* **To do**:
Please reproduce every record exactly as written, leaving out the pictures.

* **Saved entries**:
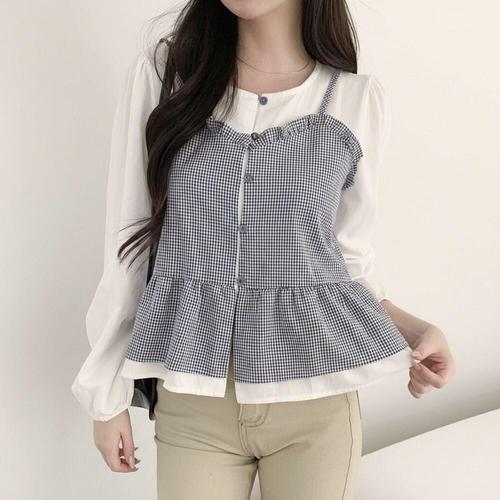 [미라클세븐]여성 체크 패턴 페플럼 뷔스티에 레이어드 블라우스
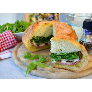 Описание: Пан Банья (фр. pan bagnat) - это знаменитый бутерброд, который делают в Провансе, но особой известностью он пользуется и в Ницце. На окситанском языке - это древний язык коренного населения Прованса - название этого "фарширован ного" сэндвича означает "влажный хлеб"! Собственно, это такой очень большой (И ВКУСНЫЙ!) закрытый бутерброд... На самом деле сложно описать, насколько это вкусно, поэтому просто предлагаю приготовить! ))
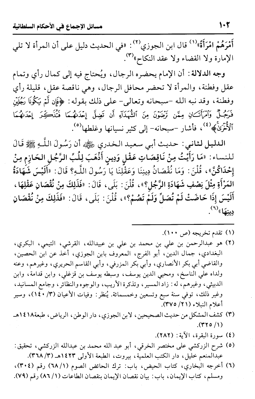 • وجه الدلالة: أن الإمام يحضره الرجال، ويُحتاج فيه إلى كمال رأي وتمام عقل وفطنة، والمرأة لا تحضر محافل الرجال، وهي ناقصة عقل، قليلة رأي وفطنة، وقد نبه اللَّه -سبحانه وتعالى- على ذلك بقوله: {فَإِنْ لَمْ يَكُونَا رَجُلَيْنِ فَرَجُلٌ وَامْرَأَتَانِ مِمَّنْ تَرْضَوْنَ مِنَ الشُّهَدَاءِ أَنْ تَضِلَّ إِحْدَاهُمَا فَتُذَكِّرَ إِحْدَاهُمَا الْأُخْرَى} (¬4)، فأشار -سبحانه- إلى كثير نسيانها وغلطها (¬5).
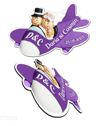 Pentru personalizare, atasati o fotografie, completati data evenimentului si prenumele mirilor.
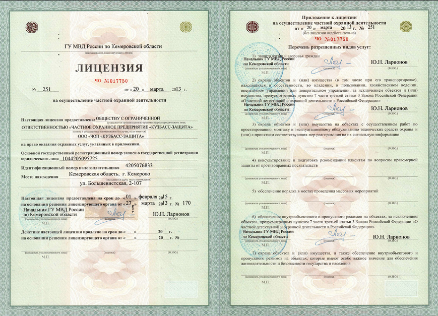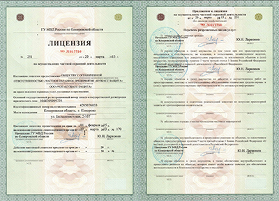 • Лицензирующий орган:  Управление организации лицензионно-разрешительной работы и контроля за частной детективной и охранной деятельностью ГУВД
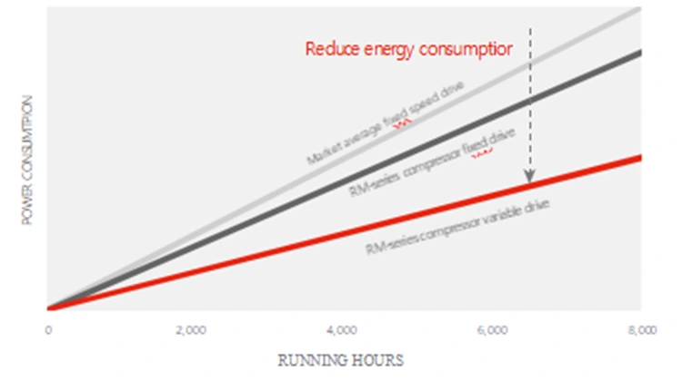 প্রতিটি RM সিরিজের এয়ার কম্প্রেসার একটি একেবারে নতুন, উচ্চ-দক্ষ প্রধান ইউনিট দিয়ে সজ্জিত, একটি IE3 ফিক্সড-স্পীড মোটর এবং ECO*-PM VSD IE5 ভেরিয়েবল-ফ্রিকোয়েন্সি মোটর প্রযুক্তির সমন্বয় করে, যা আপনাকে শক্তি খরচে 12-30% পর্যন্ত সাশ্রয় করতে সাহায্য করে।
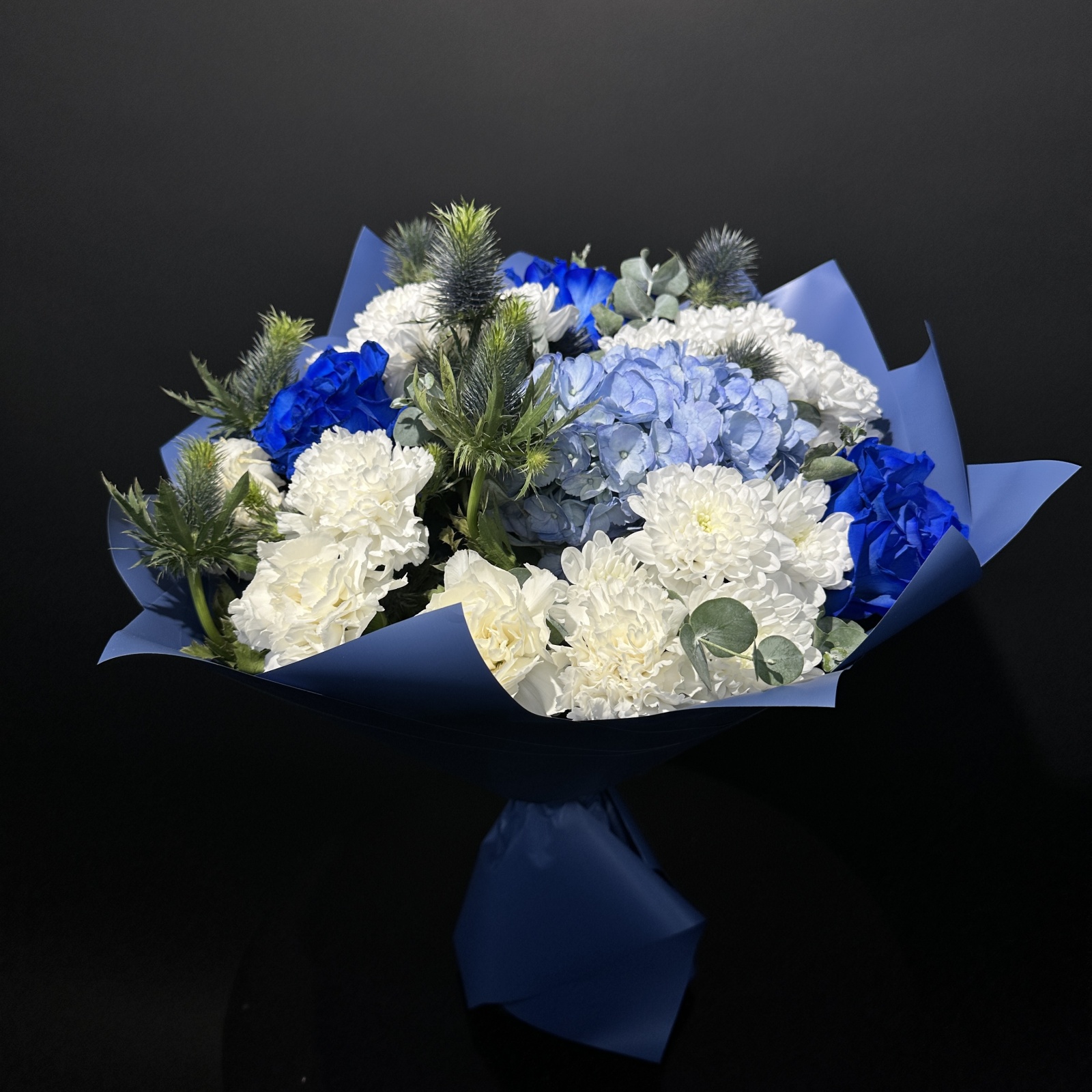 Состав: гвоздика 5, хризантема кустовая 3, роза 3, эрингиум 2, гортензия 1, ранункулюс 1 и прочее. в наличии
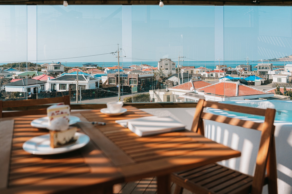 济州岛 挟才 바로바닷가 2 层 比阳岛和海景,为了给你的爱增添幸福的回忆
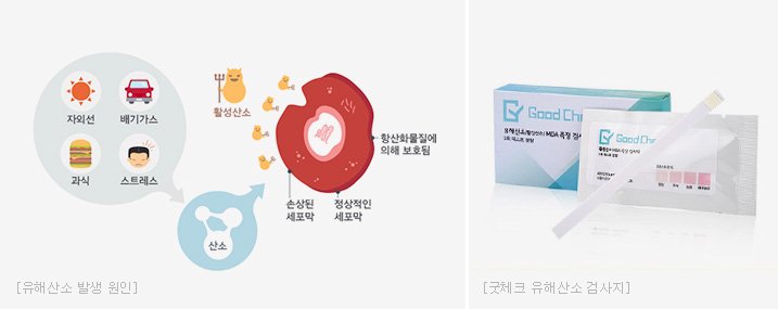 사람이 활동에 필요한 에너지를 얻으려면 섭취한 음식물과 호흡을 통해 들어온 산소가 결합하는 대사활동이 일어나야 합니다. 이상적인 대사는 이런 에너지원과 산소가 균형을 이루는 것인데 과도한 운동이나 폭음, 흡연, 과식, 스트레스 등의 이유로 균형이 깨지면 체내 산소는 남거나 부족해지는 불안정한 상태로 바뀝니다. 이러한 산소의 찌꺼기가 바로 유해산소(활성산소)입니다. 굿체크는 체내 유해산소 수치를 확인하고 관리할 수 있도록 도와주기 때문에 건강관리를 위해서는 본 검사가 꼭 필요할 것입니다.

* **Task output**:
 [미라클세븐]여성 체크 패턴 페플럼 뷔스티에 레이어드 블라우스
 Описание: Пан Банья (фр. pan bagnat) - это знаменитый бутерброд, который делают в Провансе, но особой известностью он пользуется и в Ницце. На окситанском языке - это древний язык коренного населения Прованса - название этого "фарширован ного" сэндвича означает "влажный хлеб"! Собственно, это такой очень большой (И ВКУСНЫЙ!) закрытый бутерброд... На самом деле сложно описать, насколько это вкусно, поэтому просто предлагаю приготовить! ))
 • وجه الدلالة: أن الإمام يحضره الرجال، ويُحتاج فيه إلى كمال رأي وتمام عقل وفطنة، والمرأة لا تحضر محافل الرجال، وهي ناقصة عقل، قليلة رأي وفطنة، وقد نبه اللَّه -سبحانه وتعالى- على ذلك بقوله: {فَإِنْ لَمْ يَكُونَا رَجُلَيْنِ فَرَجُلٌ وَامْرَأَتَانِ مِمَّنْ تَرْضَوْنَ مِنَ الشُّهَدَاءِ أَنْ تَضِلَّ إِحْدَاهُمَا فَتُذَكِّرَ إِحْدَاهُمَا الْأُخْرَى} (¬4)، فأشار -سبحانه- إلى كثير نسيانها وغلطها (¬5).
 Pentru personalizare, atasati o fotografie, completati data evenimentului si prenumele mirilor.
 • Лицензирующий орган:  Управление организации лицензионно-разрешительной работы и контроля за частной детективной и охранной деятельностью ГУВД
 প্রতিটি RM সিরিজের এয়ার কম্প্রেসার একটি একেবারে নতুন, উচ্চ-দক্ষ প্রধান ইউনিট দিয়ে সজ্জিত, একটি IE3 ফিক্সড-স্পীড মোটর এবং ECO*-PM VSD IE5 ভেরিয়েবল-ফ্রিকোয়েন্সি মোটর প্রযুক্তির সমন্বয় করে, যা আপনাকে শক্তি খরচে 12-30% পর্যন্ত সাশ্রয় করতে সাহায্য করে।
 Состав: гвоздика 5, хризантема кустовая 3, роза 3, эрингиум 2, гортензия 1, ранункулюс 1 и прочее. в наличии
 济州岛 挟才 바로바닷가 2 层 比阳岛和海景,为了给你的爱增添幸福的回忆
 사람이 활동에 필요한 에너지를 얻으려면 섭취한 음식물과 호흡을 통해 들어온 산소가 결합하는 대사활동이 일어나야 합니다. 이상적인 대사는 이런 에너지원과 산소가 균형을 이루는 것인데 과도한 운동이나 폭음, 흡연, 과식, 스트레스 등의 이유로 균형이 깨지면 체내 산소는 남거나 부족해지는 불안정한 상태로 바뀝니다. 이러한 산소의 찌꺼기가 바로 유해산소(활성산소)입니다. 굿체크는 체내 유해산소 수치를 확인하고 관리할 수 있도록 도와주기 때문에 건강관리를 위해서는 본 검사가 꼭 필요할 것입니다.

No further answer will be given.